Zachariah est en sécurité depuis quatre ans, et depuis qu’il a quitté le Ranch dans lequel il a grandi, il peut enfin dire qu’il a une famille. Après plusieurs années difficiles, la situation semble se stabiliser pour lui, même si certaines de ses craintes restent ancré dans son quotidien. L’arrivée d’une nouvelle pensionnaire Lark va lui faire découvrir une nouvelle façon d’aimer et malgré leur fragilité ils vont affronter ensemble leur démon.

Lark n’a jamais eu peur de rien, élevé au sein d’une famille de professeurs elle a toujours eu ce besoin de liberté. Alors qu’elle peut enfin vivre pleinement, l’impensable se produit et le retour à la réalité est semé d’embûches allant jusqu’à hanter ses nuits. Quand May Shipley lui propose de venir quelques semaines durant la saison de la cueillette pour se ressourcer, Lark y voit l’occasion de se mettre au vert et surtout de s’éloigner de l’agitation de Boston. Elle va trouver le soutien du plus réservé des habitants et Zach va se relever être un soutien précieux.

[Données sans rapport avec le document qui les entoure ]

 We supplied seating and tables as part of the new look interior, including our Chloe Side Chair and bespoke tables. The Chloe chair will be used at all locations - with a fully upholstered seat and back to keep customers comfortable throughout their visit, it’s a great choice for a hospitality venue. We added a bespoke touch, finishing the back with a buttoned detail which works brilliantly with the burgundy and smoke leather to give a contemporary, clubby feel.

Zach a gardé des séquelles de son abandon, difficile d’accorder sa confiance lorsque sa famille le rejette, pourtant il s’est tissé un lien fort entre le jeune homme et Griffin Shipley, ainsi qu’avec sa famille qui le considère comme un membre à part entière, pourtant malgré cette complicité, les doutes ne s’effacent pas aussi simplement et l’ignorance de Zach sur certain sujet a beau être attendrissant, il n’en demeure pas moins mal à l’aise. C’est cette innocence qui en fait un personnage unique et bien que certaine question prête à sourire, personne ne devrait vivre ce qu’il a vécu. Cette fragilité a tout pour toucher en plein cœur et c’est le cœur débordant d’amour pour lui que je rédige cette chronique. Et ça fait un bien fou un personnage aussi beau à l’intérieur comme à l’extérieur.

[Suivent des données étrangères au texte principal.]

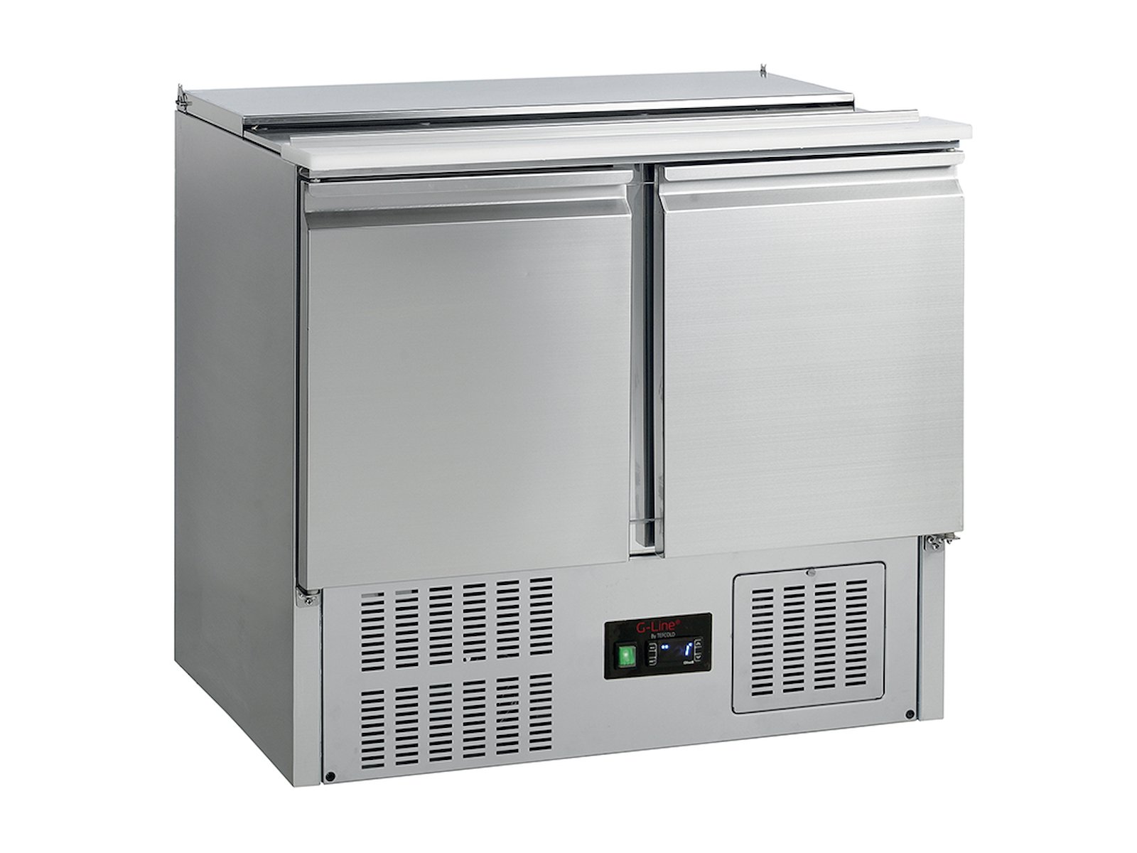 The open top of the SA1045 is specifically designed for direct use with GN1/1 containers, providing easy access to vegetables, cold cuts, and other fresh produce. Despite its compact dimensions of 1045x700x877mm, it boasts an impressive 240 liters of storage behind two sturdy doors. The digital temperature control ensures precise adjustments between +2 and +10°C, while fan-assisted cooling guarantees consistent temperatures throughout the unit.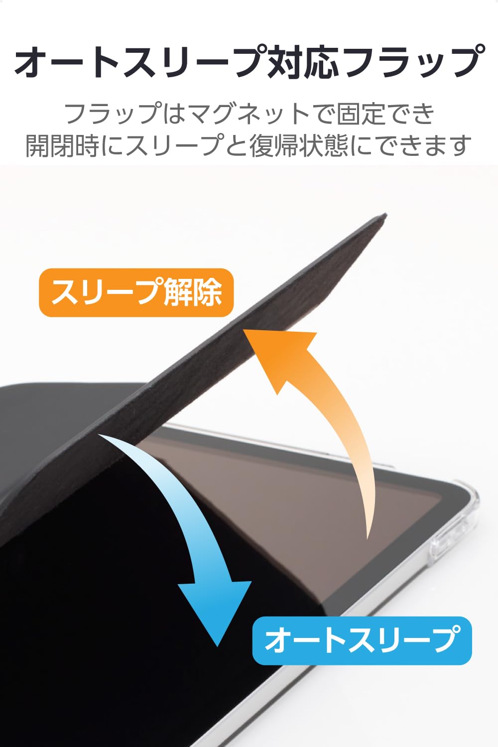■不使用時に画面部分を保護するフラップが付いています。フラップを閉じるとスリープモードになり、開けるとスリープから復帰します。

Lark possède une tout autre fragilité, elle est marquée par une expérience traumatisante et bien qu’elle cherche à se persuader que tout va bien, les démons ne sont jamais bien loin lorsqu’elle ferme les yeux. Ce break c’est tout ce don elle a besoin et au contact d’une famille aimante, elle va tenter de penser ses blessures. Elle va pouvoir compter sur le timide Zach, prêt à tout pour effacer ce regard sombre. A deux, tout est plus simple, et l’amour va progressivement s’en mêler pour se révéler bien plus profonde qu’il n’y paraît.

Chaque tome mes yeux pétillent, et mon cœur rate quelques battements, à chaque lecture que je termine un volume de cette série avec les yeux rempli de joie, et les personnages sont toujours plus touchants, toujours plus élaborés. Zach monte haut la main à la première marche et son histoire en touchera plus d’un lecteur, Sarina Bowen arrive à nous toucher avec une histoire à la fois simple et émouvante. Tous les ingrédients sont réunis pour passer l’hiver dans le Vermont comme à la maison. Je suis absolument sous le charme.